The Dark Knight Rises (PG-13) A clever tying up of loose ends. Christopher Nolan’s last Batman film finds Bruce Wayne (Christian Bale) coming out of retirement to battle an uprising led by a populist demagogue (Tom Hardy) with concealed motives. The steady, low drumbeat of suspense is familiar from other Nolan films but not so much is the note of delicacy and grace provided by Anne Hathaway as a cat burglar, nor the emotional beats that come as Bruce, his butler Alfred (Michael Caine), and Commissioner Gordon (Gary Oldman) are all forced to confront the lies they’ve told and the compromises they’ve made. The movie resolves plotlines that go all the way back to Batman Begins. If that’s not enough, Nolan’s action sequences are improved here, with greater clarity. It’s a hell of a way for the trilogy to go out. Also with Joseph Gordon-Levitt, Marion Cotillard, Morgan Freeman, Matthew Modine, Ben Mendelsohn, Burn Gorman, Cillian Murphy, and Liam Neeson.
The Expendables 2 (R) Even more aged action movie stars join Sylvester Stallone in this marginally better sequel to his 2010 hit. This time, Stallone takes his crew to Eastern Europe to thwart a warlord (Jean-Claude Van Damme) who has enslaved the locals so he can steal Soviet plutonium reserves. The script is too heavy on in-jokes, the action sequences are routine, and the picture looks crappy. On the other hand, there are some funny bits about Dolph Lundgren’s real-life background as a chemist, a well-managed cameo by Chuck Norris, and the sight of Arnold Schwarzenegger and Bruce Willis riding to the rescue in a SmartCar. Just like the original, this is pretty much what it appears to be. Also with Jason Statham, Yu Nan, Terry Crews, Randy Couture, Liam Hemsworth, Charisma Carpenter, and Jet Li.
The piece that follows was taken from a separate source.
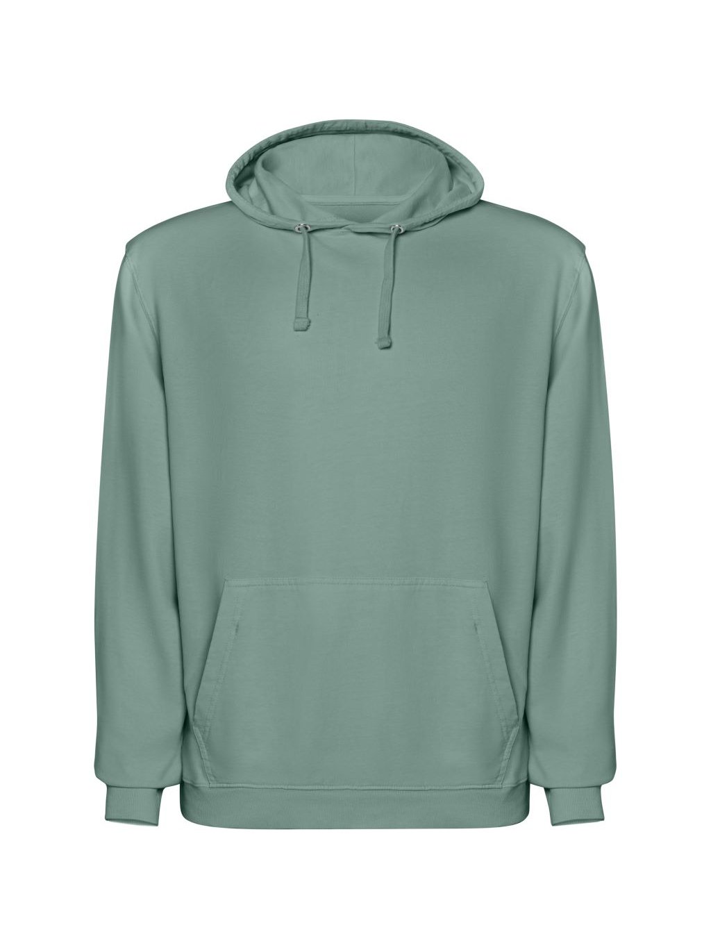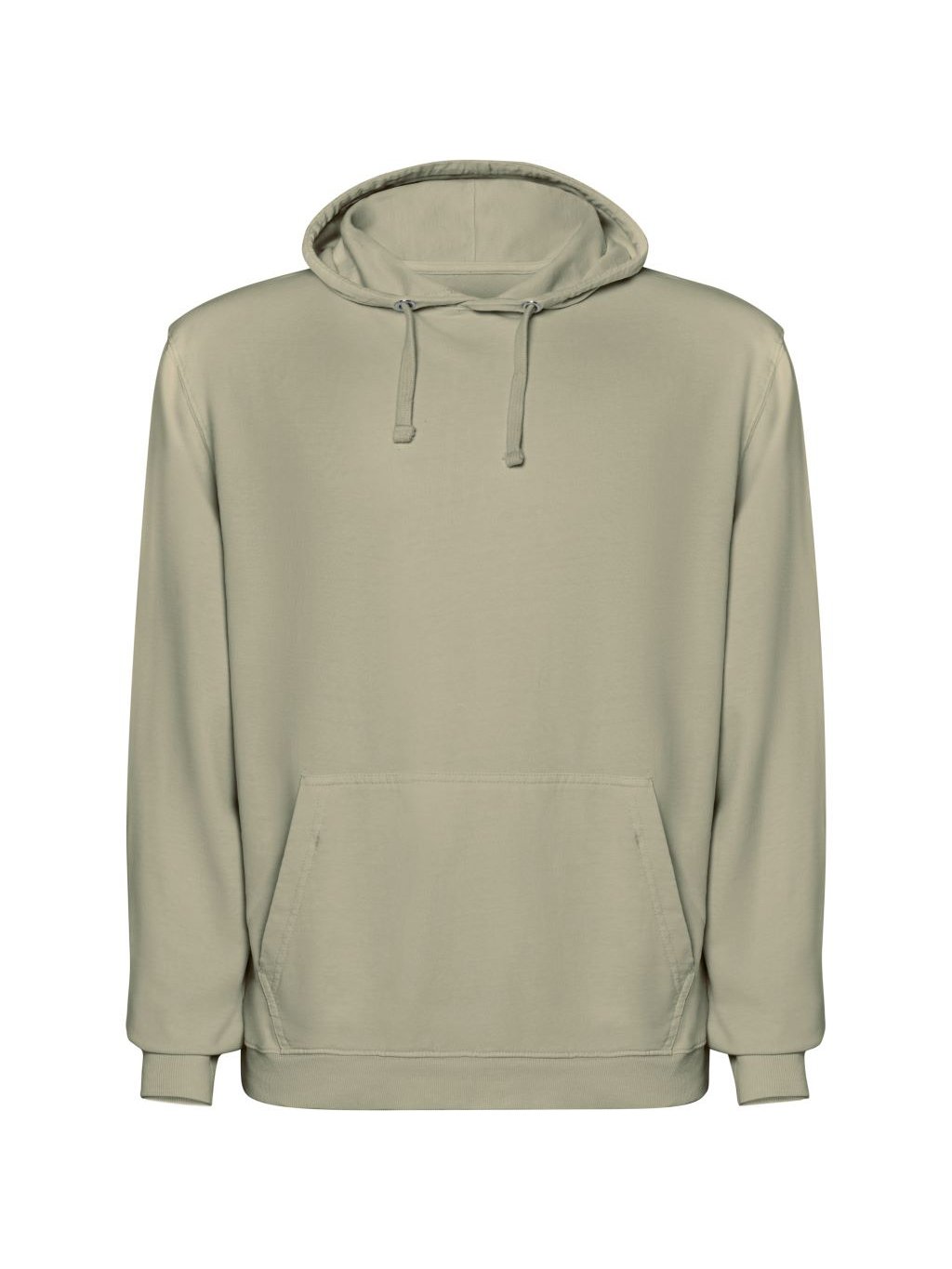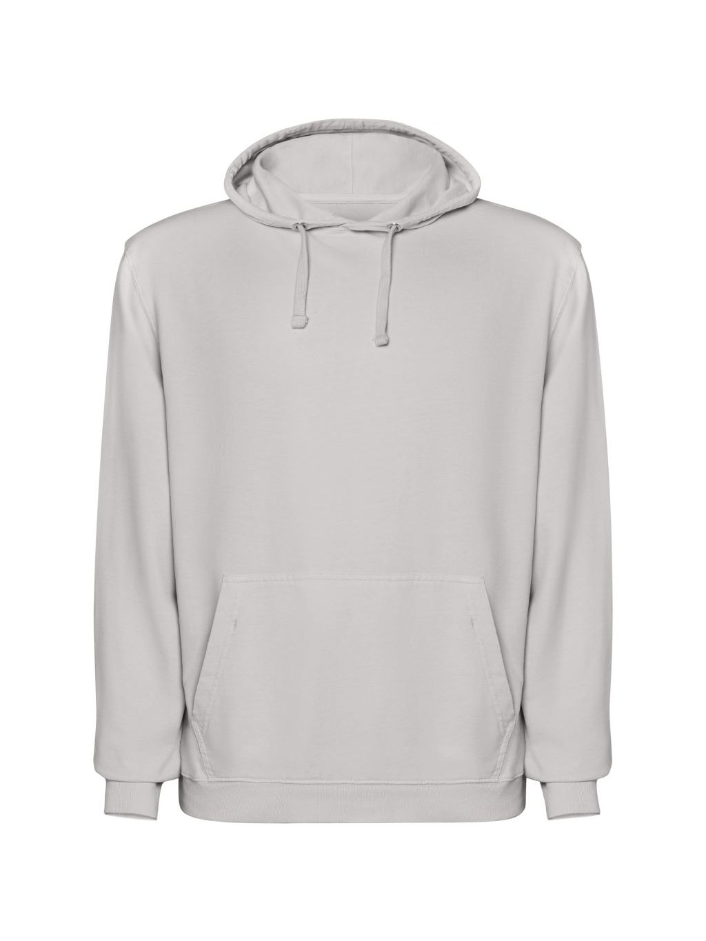 Unisex mikina s kapucí z nečesané bavlny s vypraným efektem. Klokaní kapsa. Manžety a pas s žebrováním 2x1 a s elastanem. Plochá stahovací šňůrka v barvě mikiny s kovovými očky. Podlepené švy ze stejného materiálu.

Hermano (NR) Just about every cliché of sports movies, gangster films, and Latin domestic dramas gets trotted out in this soppy Venezuelan film about two brothers (Eliú Armas and Fernando Moreno) living in the barrio in Caracas who have to choose between a future as professional soccer players and revenge for their mother’s accidental murder in a gangland shooting. Not a single plot development is at all surprising, and the hackneyed material wastes some fine efforts by the actors here. Also with Beto Benites, Gonzalo Cubero, Marcela Girón, and Alí Rondon.
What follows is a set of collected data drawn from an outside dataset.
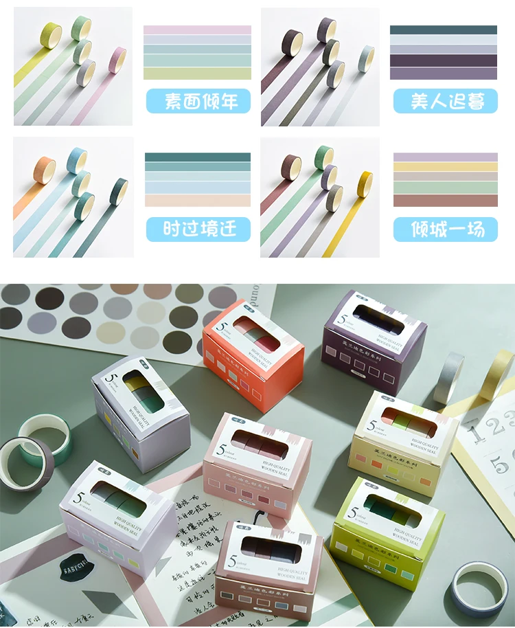 Набор маскирующей Васи-ленты MOHAMM 5 шт.лот Morandi однотонного цв...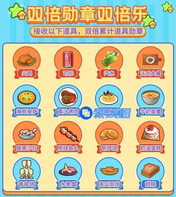 活动期间,接收以下非绑定的道具,将能够以双倍数量累计道具勋章!
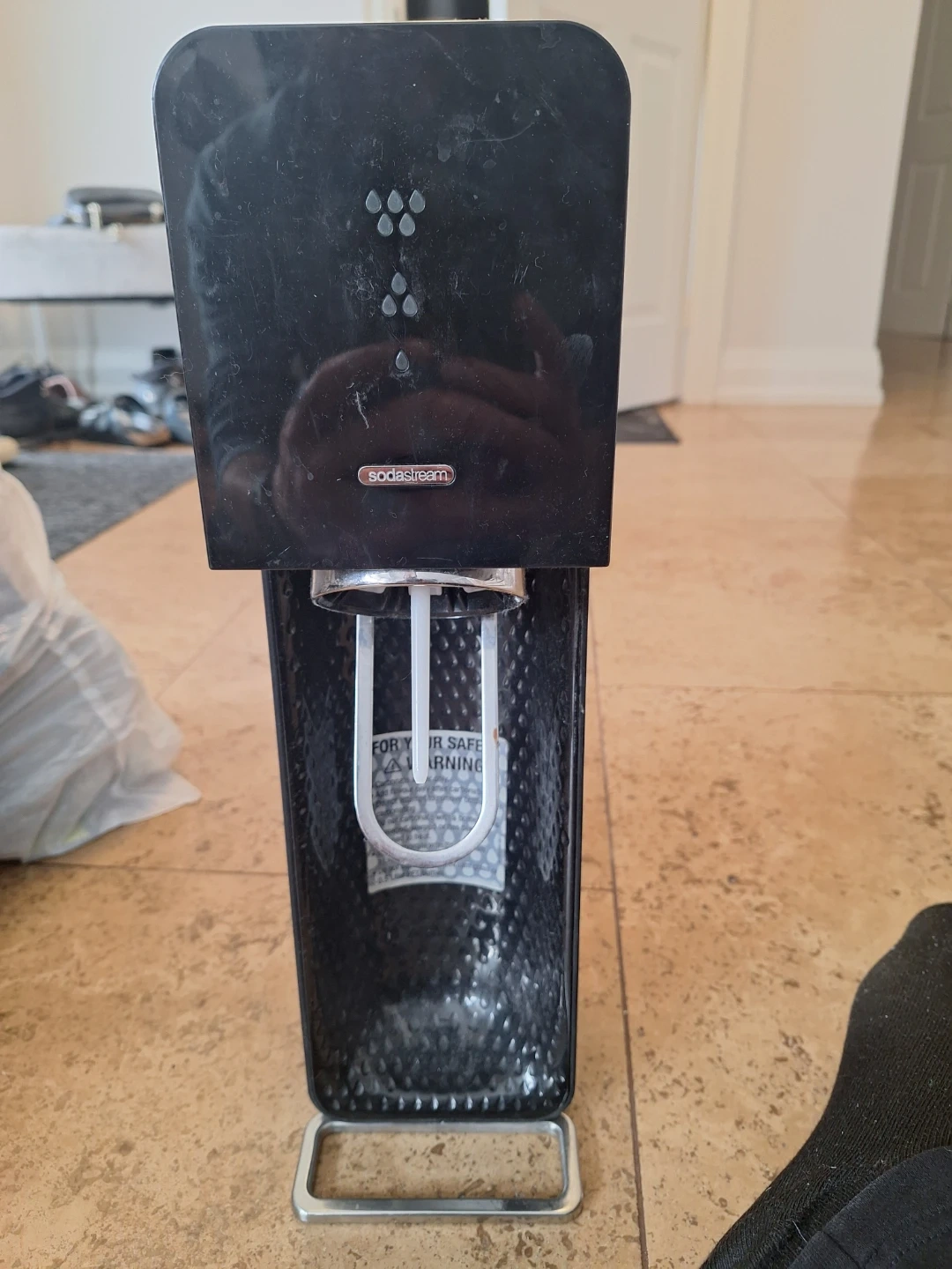This is a black SodaStream sparkling water maker. It's made of plastic with a metal base. This machine carbonates water for easy homemade fizzy drinks!

Hit & Run (PG-13) Dax Shepard bids to prove that he’s more than just the poor man’s Seann William Scott in this caper comedy about a guy living under federal witness protection who risks everything to drive his girlfriend (Kristen Bell) to L.A. to interview for her dream job. The movie tries to be a thriller with lots of chase sequences, a comedy with the two meeting various comic types, and a romance in which the woman knows very little about her boyfriend’s background. The romance works best, oddly enough, thanks to the assured banter between real-life spouses Shepard and Bell and some thoughtfully conceived characters. The movie’s not terrible at anything, and Shepard might just break out of his box with some better collaborators. Also with Bradley Cooper, Tom Arnold, Joy Bryant, David Koechner, Ryan Hansen, Jess Rowland, Carly Hatter, Michael Rosenbaum, Kristin Chenoweth, and Beau Bridges.
Hope Springs (PG-13) Too few movies address intimacy issues among longtime married couples; I’m glad this one does. Meryl Streep plays an Omaha housewife who tries to rejuvenate her sexless, emotionally barren marriage by dragging her husband of 31 years (Tommy Lee Jones) to Maine for a week of intensive couples therapy with a marriage counselor and self-help author (Steve Carell). The scenes with the therapist are the weak point; Carell’s Carell-ness is tamped down, and Streep and Jones are uncharacteristically flat. The leads are much better by themselves, excelling in two realistically awkward sex scenes and capturing the vibe of a couple who have run out of things to talk about. Hollywood — or, really, anybody else — should try this subject matter more often. Also with Jean Smart, Brett Rice, Mimi Rogers, and Elisabeth Shue.